I am using a radeon 7750 the first question I have is whether or not this graphiccard support execution of parallel kernels in opencl. Is the execution model completely controlled by the driver or is it possible to provide hints that I want this kernel to run in parallel with other kernels (or the other way around).
My program utilizes multiple hostthread calling a function which in turns makes opencl calculations on blocks up to 128KB of data. Currently each calculation requires 4 computunits, i.e. 64*4 workitems, and the card has 8 computeunits which should allow it for parallel execution(?).
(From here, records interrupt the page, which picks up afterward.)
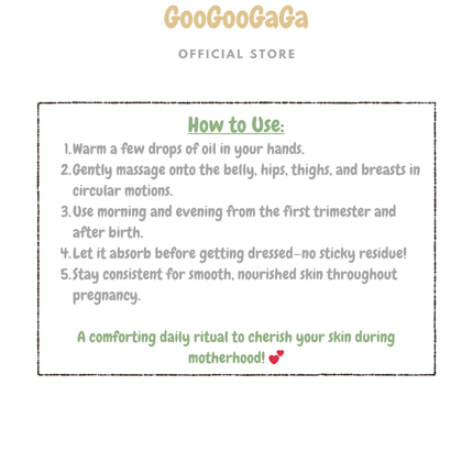 *Apply this oil to abdomen, hips, thighs and breasts, morning and evening. Do not apply to breasts when breastfeeding and to recent cesarean scars.*
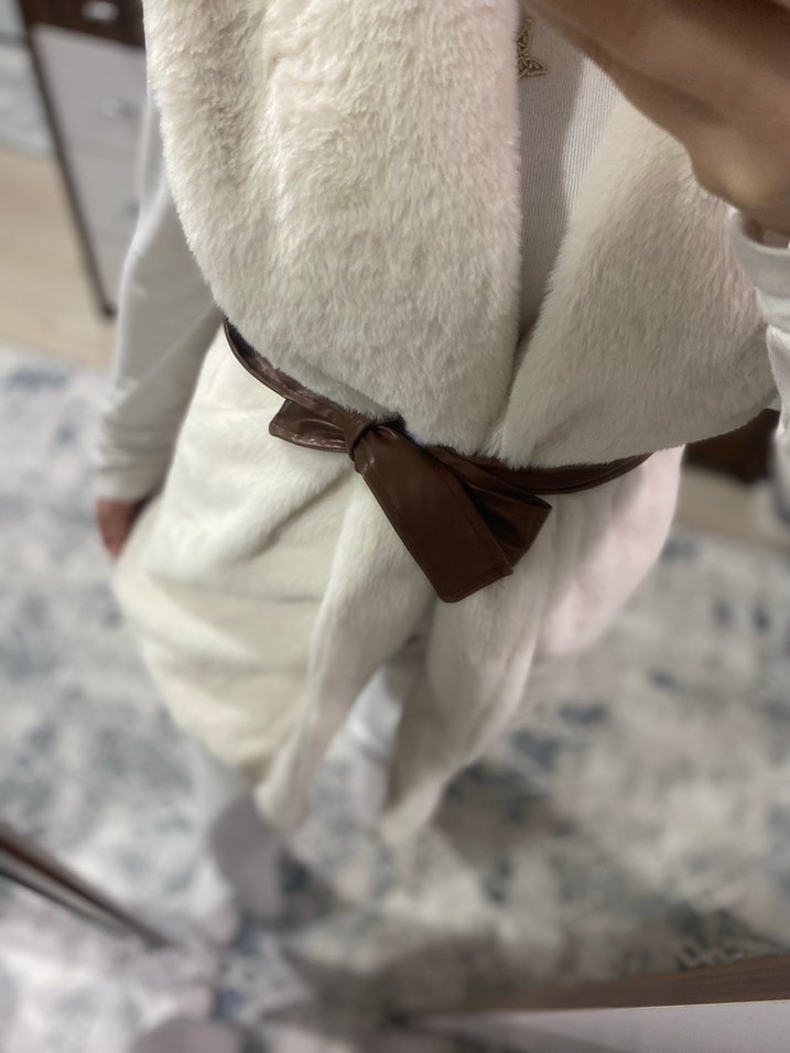 Beyaz suni kürk, bol kesim ve kahverengi kemer bağlamalı yelek. Halter yaka ve askılı kollara sahip, günlük sokak stiline uygun
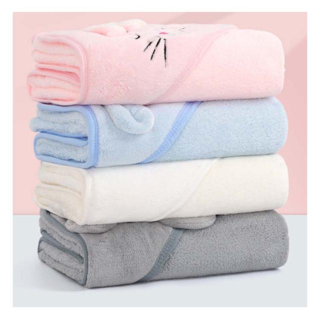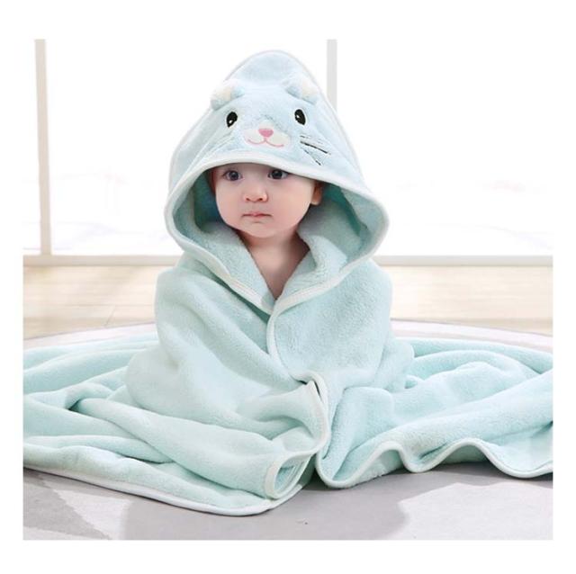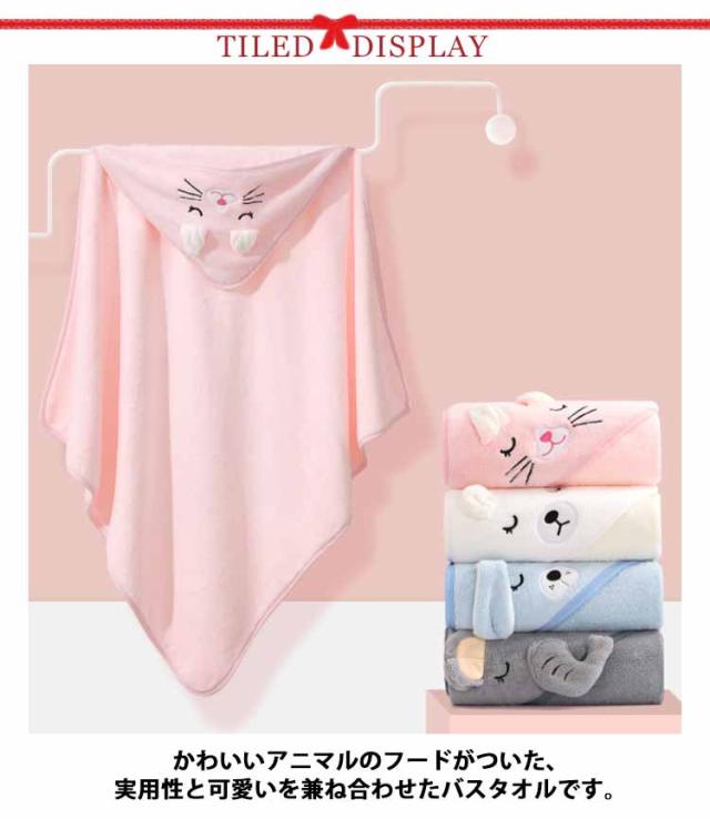 | 【ベビーバスタオル】【80×80cm/105×105cm】【4color】 かわいいアニマルのフードがついた、実用性と可愛いを兼ね合わせたバスタオルです。 フード付きで頭まで全身を包む、髪の毛から身体まで全身を乾かしてくれる★ 吸収性と速乾性にすぐれたマイクロファイバー素材です。 水分をサッと吸い取ってくれるので、お風呂上りにパッと着せて湯冷めを防止します。 お風呂以外でもプールや海など様々な場面でお使いいただけます。 バスタオルとしてはもちろん、タオルケットやおくるみ等、気温差の激しい時期にも1枚羽織れる、1年中通して大活躍! | |

When I use multiple commandqueues the execution time of a kernel more or less scales linearly with the number of commandqueues utilized, Is this intended behaviour? The time for running one kernel sequentially is roughly 0.0002s, running the same amount of calculations but spread out over multiple host threads results in an average time of 0.0008s in each thread, but the overall average execution time of a kernel remains the same. That is with 4 host threads 0.0008/4 = 0.0002s.
This suggests that the kernels are queued on the GPU and executed sequentially.
I've tried using 13.1 (stable) and 13.3 beta drivers, and I am using the latest amd app sdk 2.8. I've tried running the code on both 7750 and a 6870 graphiccard similar results on both (regarding the parallelism).
Are there any guidelines written inorder to achieve parallelism with multiple kernels?
I read this thread http://devgurus.amd.com/message/1279083#1279083 and changed the program so that I cache kernels and buffers and don't create and destroy buffers and kernels until the program is shut down. The performance did increase somewhat, but no parallelism was achieved.